**About this task**: Go to the line containing "[국내배송]크롬하츠 크로스 레더패치 꼬임울 비니" below; retype it and all following lines exactly, and leave out the pictures.

**Raw data**:
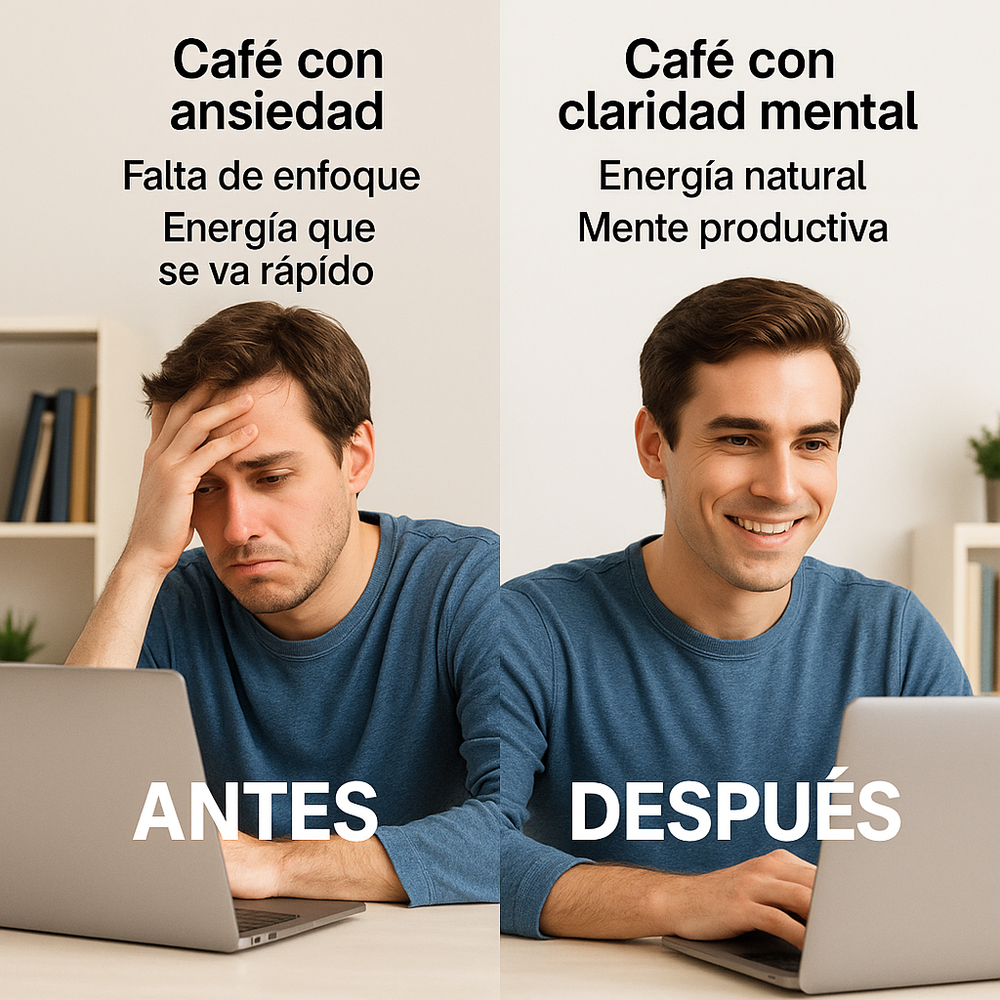 Te despierta… pero luego llega el bajón.Café ácido, nerviosismo, ansiedad, cero enfoque.Tu mente pide algo mejor.
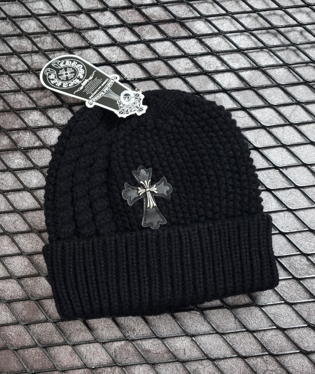 [국내배송]크롬하츠 크로스 레더패치 꼬임울 비니
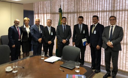O presidente da CNDL, José César da Costa, acompanhado dos diretores da entidade e presidentes da FCDL-SP, Maurício Stainoff, da FCDL-MG, Frank Sinatra Santos Chaves, e da CDL-DF, José Carlos Magalhães Pinto, se reuniu na tarde desta segunda-feira (5) com o ministro da Justiça e Segurança Pública, Sergio Moro, para discutir o comércio ilegal e o combate ao contrabando.

**Exercise result**:
 [국내배송]크롬하츠 크로스 레더패치 꼬임울 비니
O presidente da CNDL, José César da Costa, acompanhado dos diretores da entidade e presidentes da FCDL-SP, Maurício Stainoff, da FCDL-MG, Frank Sinatra Santos Chaves, e da CDL-DF, José Carlos Magalhães Pinto, se reuniu na tarde desta segunda-feira (5) com o ministro da Justiça e Segurança Pública, Sergio Moro, para discutir o comércio ilegal e o combate ao contrabando.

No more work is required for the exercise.